PROMPT:
Could you transcribe all of the data exactly and skip any pictures?

SUPPLIED RECORDS:
━━━━━━━━

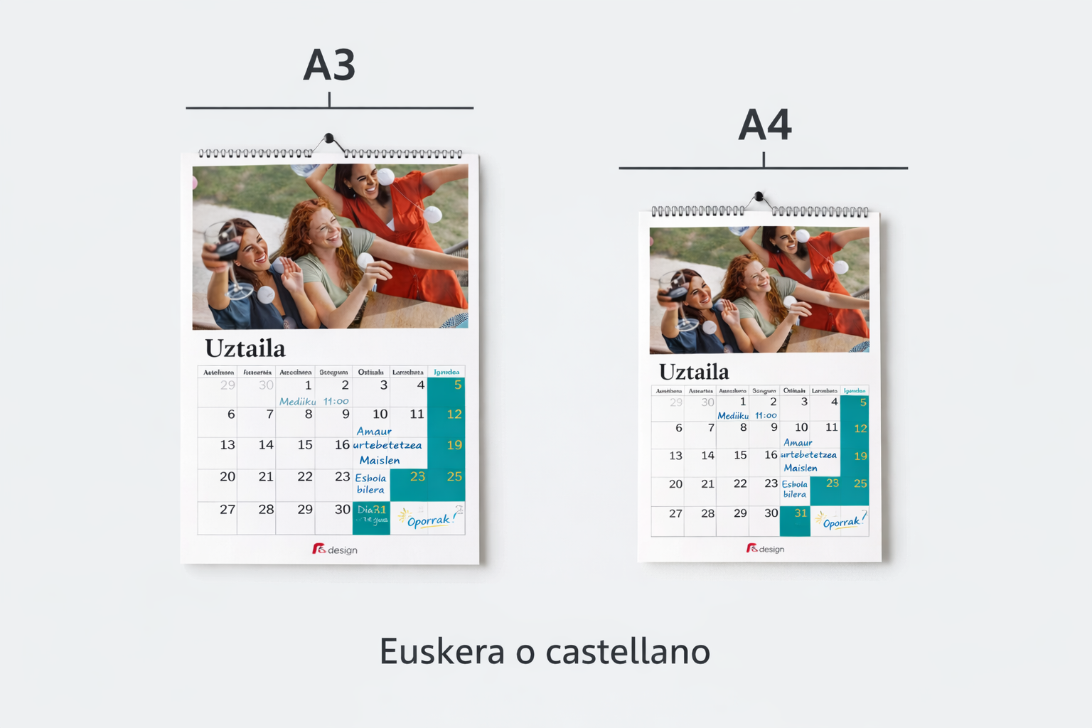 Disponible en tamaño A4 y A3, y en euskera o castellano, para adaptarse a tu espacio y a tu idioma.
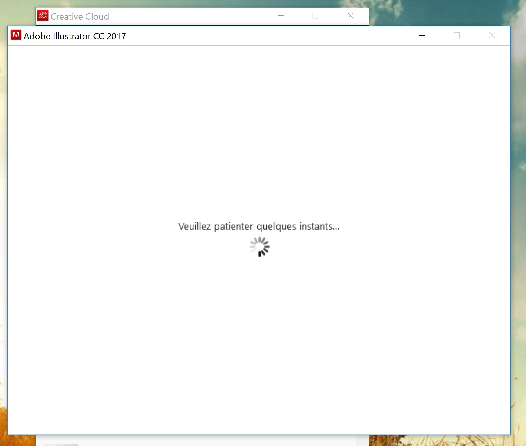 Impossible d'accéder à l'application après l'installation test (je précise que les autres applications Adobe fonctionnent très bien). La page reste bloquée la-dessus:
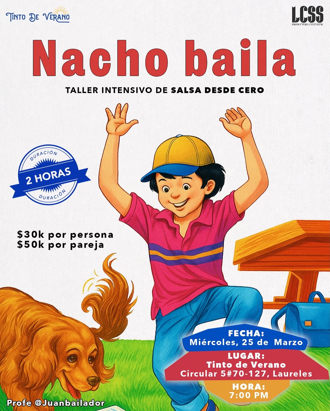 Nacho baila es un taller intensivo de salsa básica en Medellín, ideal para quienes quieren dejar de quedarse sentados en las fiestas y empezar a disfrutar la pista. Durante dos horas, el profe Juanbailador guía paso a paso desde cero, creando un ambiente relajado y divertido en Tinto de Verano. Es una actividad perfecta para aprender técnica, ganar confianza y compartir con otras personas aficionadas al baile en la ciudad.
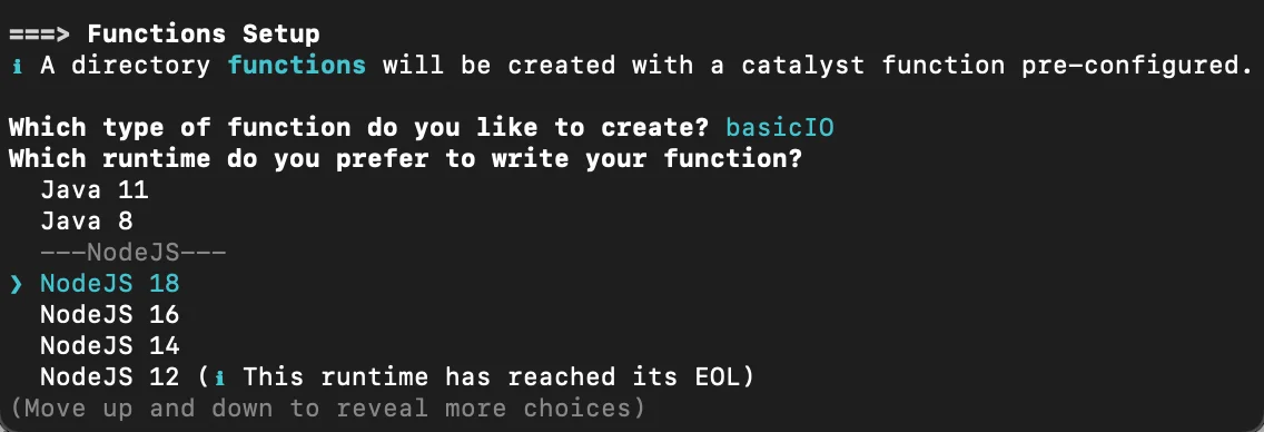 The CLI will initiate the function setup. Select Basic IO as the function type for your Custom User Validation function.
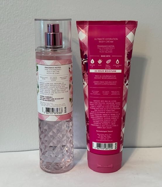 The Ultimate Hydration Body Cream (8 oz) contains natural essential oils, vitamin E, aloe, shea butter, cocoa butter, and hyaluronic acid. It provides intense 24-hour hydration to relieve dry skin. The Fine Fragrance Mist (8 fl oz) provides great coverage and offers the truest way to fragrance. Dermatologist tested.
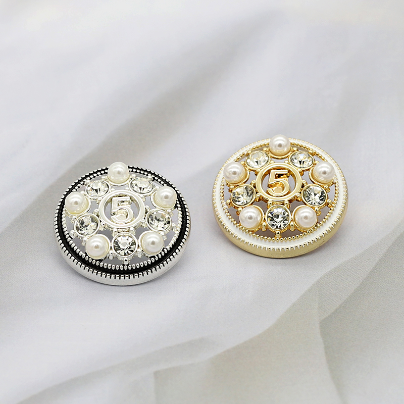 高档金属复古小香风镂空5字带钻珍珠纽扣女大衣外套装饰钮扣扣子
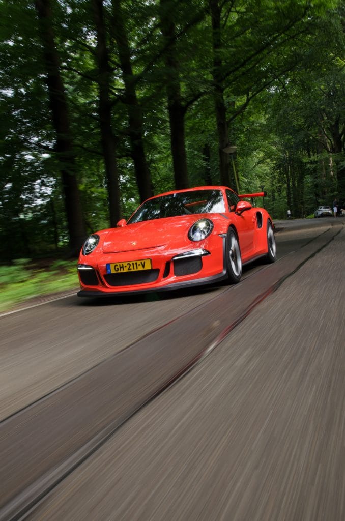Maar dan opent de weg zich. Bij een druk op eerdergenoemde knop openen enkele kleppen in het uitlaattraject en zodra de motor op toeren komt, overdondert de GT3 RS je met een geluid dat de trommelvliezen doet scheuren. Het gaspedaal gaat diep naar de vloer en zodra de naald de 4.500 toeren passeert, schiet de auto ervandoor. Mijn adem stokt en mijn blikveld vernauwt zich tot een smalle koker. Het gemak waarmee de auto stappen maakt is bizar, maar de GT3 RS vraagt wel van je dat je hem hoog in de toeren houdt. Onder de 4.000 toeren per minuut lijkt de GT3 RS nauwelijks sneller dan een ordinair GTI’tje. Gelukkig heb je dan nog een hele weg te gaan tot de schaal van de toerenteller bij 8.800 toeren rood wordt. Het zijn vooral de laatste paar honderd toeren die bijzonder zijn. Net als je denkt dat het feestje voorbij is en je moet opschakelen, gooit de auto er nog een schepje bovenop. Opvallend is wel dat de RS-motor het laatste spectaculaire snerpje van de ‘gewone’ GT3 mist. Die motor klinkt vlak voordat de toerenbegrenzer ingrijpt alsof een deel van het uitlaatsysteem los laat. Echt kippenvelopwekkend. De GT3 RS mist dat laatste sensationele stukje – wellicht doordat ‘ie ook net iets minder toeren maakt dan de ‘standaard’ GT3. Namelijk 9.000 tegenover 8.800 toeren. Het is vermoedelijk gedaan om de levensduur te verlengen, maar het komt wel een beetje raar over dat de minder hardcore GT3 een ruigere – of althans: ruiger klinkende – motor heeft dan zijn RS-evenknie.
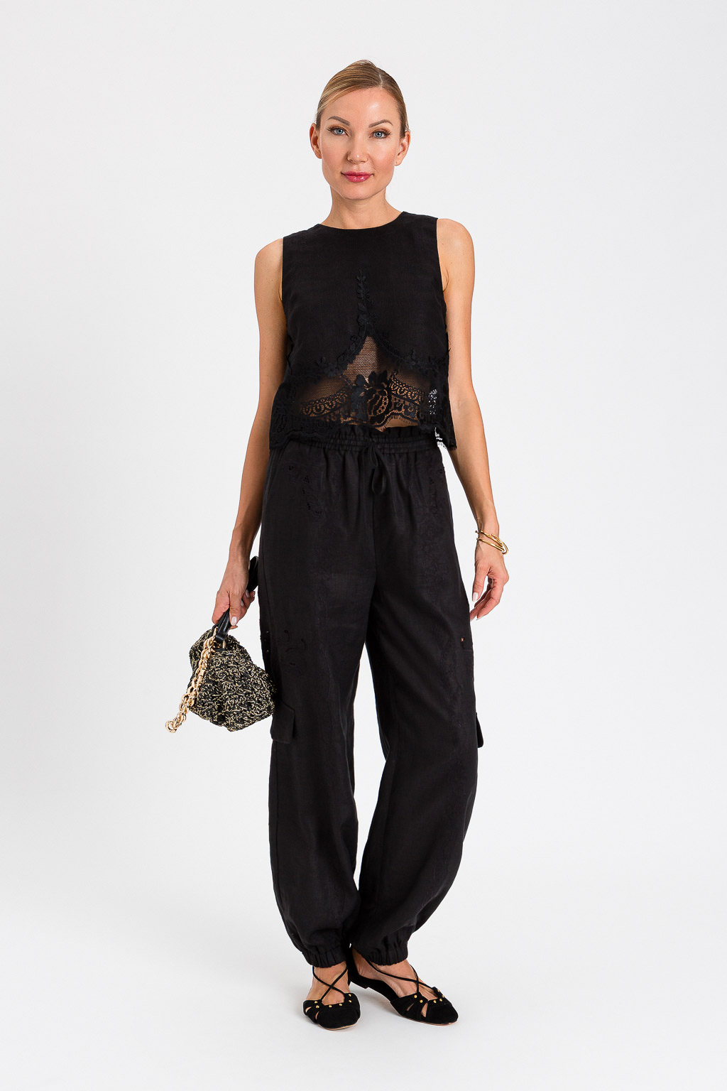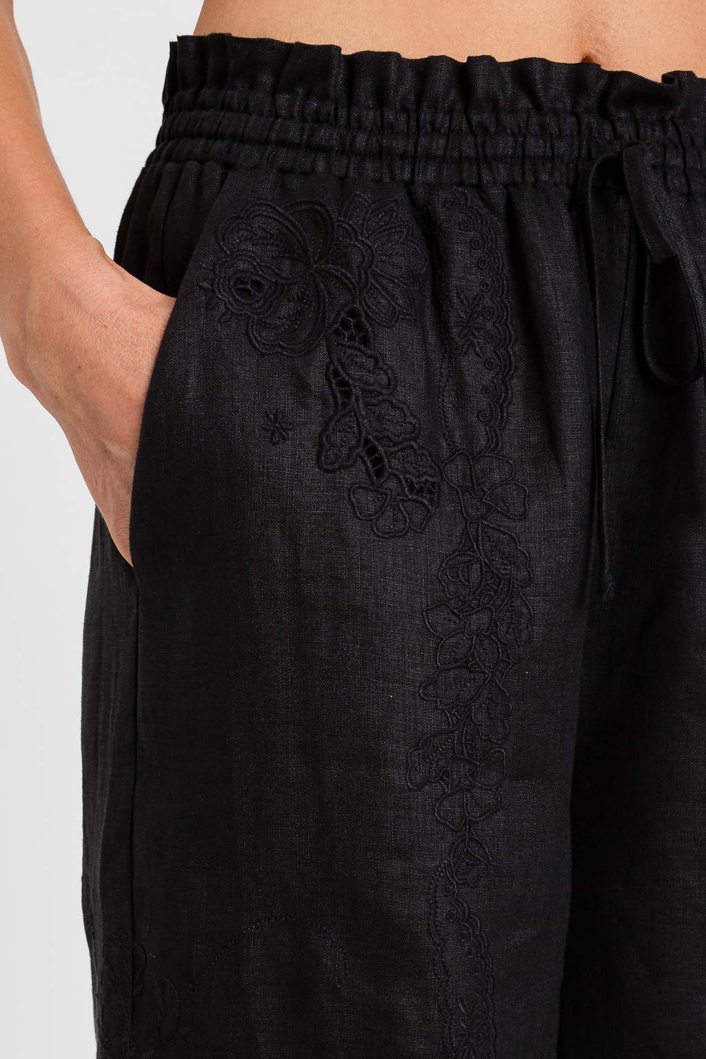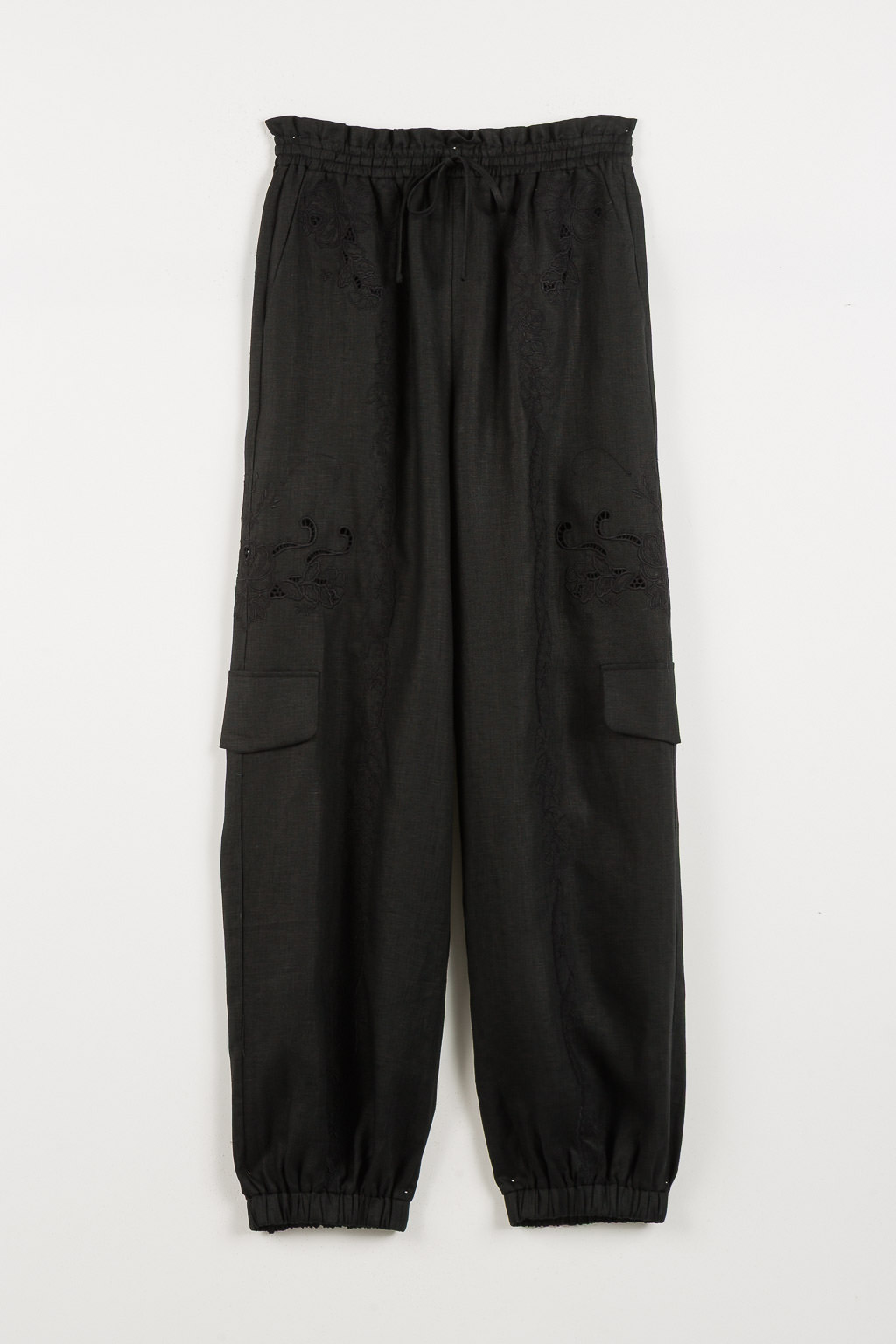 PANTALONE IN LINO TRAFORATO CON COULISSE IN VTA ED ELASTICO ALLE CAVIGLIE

━━━━━━━━

ANSWER:
 Disponible en tamaño A4 y A3, y en euskera o castellano, para adaptarse a tu espacio y a tu idioma.
 Impossible d'accéder à l'application après l'installation test (je précise que les autres applications Adobe fonctionnent très bien). La page reste bloquée la-dessus:
 Nacho baila es un taller intensivo de salsa básica en Medellín, ideal para quienes quieren dejar de quedarse sentados en las fiestas y empezar a disfrutar la pista. Durante dos horas, el profe Juanbailador guía paso a paso desde cero, creando un ambiente relajado y divertido en Tinto de Verano. Es una actividad perfecta para aprender técnica, ganar confianza y compartir con otras personas aficionadas al baile en la ciudad.
 The CLI will initiate the function setup. Select Basic IO as the function type for your Custom User Validation function.
 The Ultimate Hydration Body Cream (8 oz) contains natural essential oils, vitamin E, aloe, shea butter, cocoa butter, and hyaluronic acid. It provides intense 24-hour hydration to relieve dry skin. The Fine Fragrance Mist (8 fl oz) provides great coverage and offers the truest way to fragrance. Dermatologist tested.
 高档金属复古小香风镂空5字带钻珍珠纽扣女大衣外套装饰钮扣扣子
Maar dan opent de weg zich. Bij een druk op eerdergenoemde knop openen enkele kleppen in het uitlaattraject en zodra de motor op toeren komt, overdondert de GT3 RS je met een geluid dat de trommelvliezen doet scheuren. Het gaspedaal gaat diep naar de vloer en zodra de naald de 4.500 toeren passeert, schiet de auto ervandoor. Mijn adem stokt en mijn blikveld vernauwt zich tot een smalle koker. Het gemak waarmee de auto stappen maakt is bizar, maar de GT3 RS vraagt wel van je dat je hem hoog in de toeren houdt. Onder de 4.000 toeren per minuut lijkt de GT3 RS nauwelijks sneller dan een ordinair GTI’tje. Gelukkig heb je dan nog een hele weg te gaan tot de schaal van de toerenteller bij 8.800 toeren rood wordt. Het zijn vooral de laatste paar honderd toeren die bijzonder zijn. Net als je denkt dat het feestje voorbij is en je moet opschakelen, gooit de auto er nog een schepje bovenop. Opvallend is wel dat de RS-motor het laatste spectaculaire snerpje van de ‘gewone’ GT3 mist. Die motor klinkt vlak voordat de toerenbegrenzer ingrijpt alsof een deel van het uitlaatsysteem los laat. Echt kippenvelopwekkend. De GT3 RS mist dat laatste sensationele stukje – wellicht doordat ‘ie ook net iets minder toeren maakt dan de ‘standaard’ GT3. Namelijk 9.000 tegenover 8.800 toeren. Het is vermoedelijk gedaan om de levensduur te verlengen, maar het komt wel een beetje raar over dat de minder hardcore GT3 een ruigere – of althans: ruiger klinkende – motor heeft dan zijn RS-evenknie.
 PANTALONE IN LINO TRAFORATO CON COULISSE IN VTA ED ELASTICO ALLE CAVIGLIE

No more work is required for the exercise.